Rascals case in brief

In the beginning, in 1989, more than 90 children at the Little Rascals Day Care Center in Edenton, North Carolina, accused a total of 20 adults with 429 instances of sexual abuse over a three-year period. It may have all begun with one parent’s complaint about punishment given her child.

Among the alleged perpetrators: the sheriff and mayor. But prosecutors would charge only Robin Byrum, Darlene Harris, Elizabeth “Betsy” Kelly, Robert “Bob” Kelly, Willard Scott Privott, Shelley Stone and Dawn Wilson – the Edenton 7.

Along with sodomy and beatings, allegations included a baby killed with a handgun, a child being hung upside down from a tree and being set on fire and countless other fantastic incidents involving spaceships, hot air balloons, pirate ships and trained sharks.

By the time prosecutors dropped the last charges in 1997, Little Rascals had become North Carolina’s longest and most costly criminal trial.

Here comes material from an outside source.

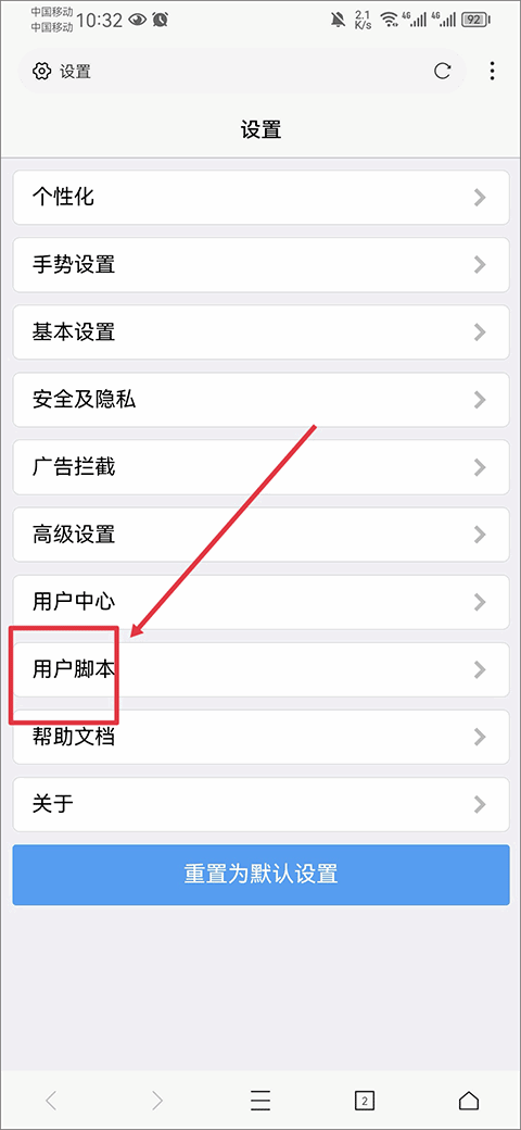 3、进入后设置界面后,点击用户脚本

Prosecutors kept defendants jailed in hopes at least one would turn against their supposed co-conspirators. Remarkably, none did. Another shameful record: Five defendants had to wait longer to face their accusers in court than anyone else in North Carolina history.

Between 1991 and 1997, Ofra Bikel produced three extraordinary episodes on the Little Rascals case for the PBS series “Frontline.” Although “Innocence Lost” did not deter prosecutors, it exposed their tactics and fostered nationwide skepticism and dismay.

With each passing year, the absurdity of the Little Rascals charges has become more obvious. But no admission of error has ever come from prosecutors, police, interviewers or parents. This site is devoted to the issues raised by this case.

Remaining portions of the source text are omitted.